■ Supplied information ■
┌──

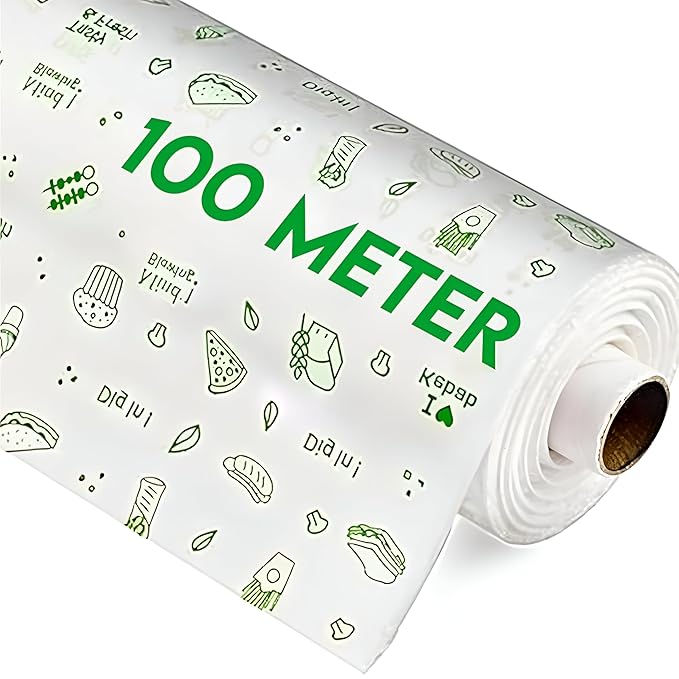 Butter Paper for Food Wrapping 100 Meter Lengh Water & Grease Resistant Biodegradable Parchment Roll Non-Stick Re-heatable Oven Safe Roll Foodsafe Packing & Serving
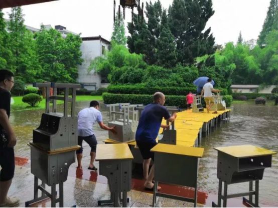 江西上饶暴雨考点被淹,老师用课桌为考生搭起“爱心桥”
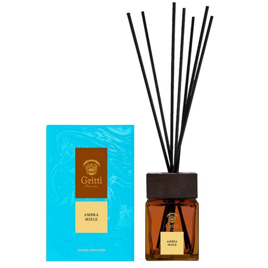 Gritti Ambra Miele to wyjątkowy dyfuzor zapachowy z patyczkami o pojemności 250 ml, który wprowadza do wnętrz unikalną kompozycję aromatyczną. Aksamitne nuty dzikiego miodu oraz złocistego bursztynu splatają się w harmonijną całość, tworząc atmosferę ciepła i przytulności. Delikatna mgiełka benzoesu i rozgrzewające akcenty szlachetnych przypraw nadają zapachowi głębię i zmysłowość, które otulają każde pomieszczenie wyjątkowym aromatem.

└──

■ Task prompt ■
Each line of the data above needs to be retyped as it is, without any picture.

■ Solved exercise ■
 Butter Paper for Food Wrapping 100 Meter Lengh Water & Grease Resistant Biodegradable Parchment Roll Non-Stick Re-heatable Oven Safe Roll Foodsafe Packing & Serving
 江西上饶暴雨考点被淹,老师用课桌为考生搭起“爱心桥”
 Gritti Ambra Miele to wyjątkowy dyfuzor zapachowy z patyczkami o pojemności 250 ml, który wprowadza do wnętrz unikalną kompozycję aromatyczną. Aksamitne nuty dzikiego miodu oraz złocistego bursztynu splatają się w harmonijną całość, tworząc atmosferę ciepła i przytulności. Delikatna mgiełka benzoesu i rozgrzewające akcenty szlachetnych przypraw nadają zapachowi głębię i zmysłowość, które otulają każde pomieszczenie wyjątkowym aromatem.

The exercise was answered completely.